All’interno di una goccia d’acqua le forze attrattive fra le molecole operano in tutte le direzioni e quindi si bilanciano a vicenda; sulla superficie esterna invece ciò non accade e le forze attrattive sono sbilanciate verso l’interno: in questo modo esse tendono a ridurre al minimo l’area superficiale facendo assumere alla goccia la forma sferica. A causa di questa forte tensione superficiale l’acqua non si trova in intimo contatto con il sudiciume, che quindi non viene rimosso dal tessuto o dall’oggetto che si intende lavare.



1. L’AZIONE DETERGENTE DEI SAPONI

Si chiamano emulsionanti o tensioattivi le sostanze chimiche che provocano una diminuzione della tensione superficiale di un liquido o di un solido. I saponi sono degli ottimi tensioattivi per i grassi presenti nell’acqua in quanto posseggono la caratteristica di ridurre la tensione superficiale dell’acqua stessa e quindi aumentano il suo potere bagnante. Fanno inoltre da intermediario fra l’acqua e il sudiciume (per lo più costituito da grassi untuosi) e di conseguenza favoriscono il distacco di quest’ultimo dalle superfici da lavare, disperdendolo nell’acqua. Per operare in questo modo la molecola del sapone deve possedere una particolare struttura.

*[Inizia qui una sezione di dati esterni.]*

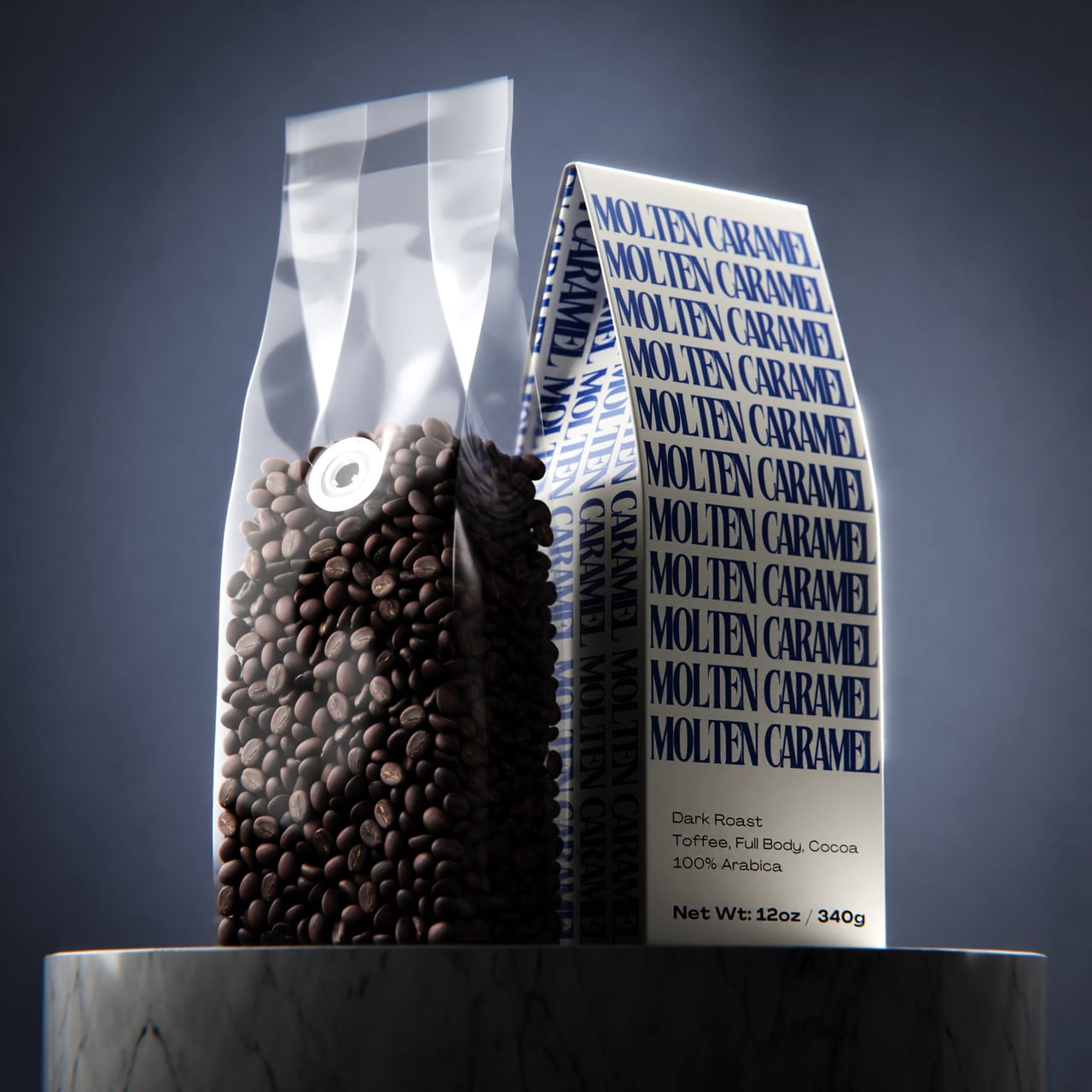 Molten Caramel Coffee delivers a strong taste with rich notes of bakers' chocolate and dark toffee sweetness. This dark roast blend combines beans from Brazil, Mexico, and Guatemala, bringing depth without sharp edges, and a flavor that’s intense yet balanced from start to finish.

I saponi “classici” sono i sali di sodio (Na) di acidi grassi a lunga catena carboniosa come ad esempio è l’acido stearico (C17H35COOH), l’acido palmitico (C15H31COOH), l’acido oleico (C17H33COOH) ed altri acidi monocarbossilici a lunga catena, formata da un minimo di 12 a un massimo di 18 atomi di carbonio. I saponi molli, come i saponi da barba o gli shampoo, sono sali di potassio (K) degli stessi acidi organici. In acqua il sale si dissocia formando due ioni: quello negativo, l’anione, è una lunga catena di atomi di carbonio mentre, quello positivo, il catione, è lo ione sodio o potassio. Tali composti di solito vengono indicati in modo abbreviato, per esempio per lo stearato di sodio, con R–COONa che in acqua si dissocia in R–COO– e Na+ dove R sta per CH3–(CH2)16–.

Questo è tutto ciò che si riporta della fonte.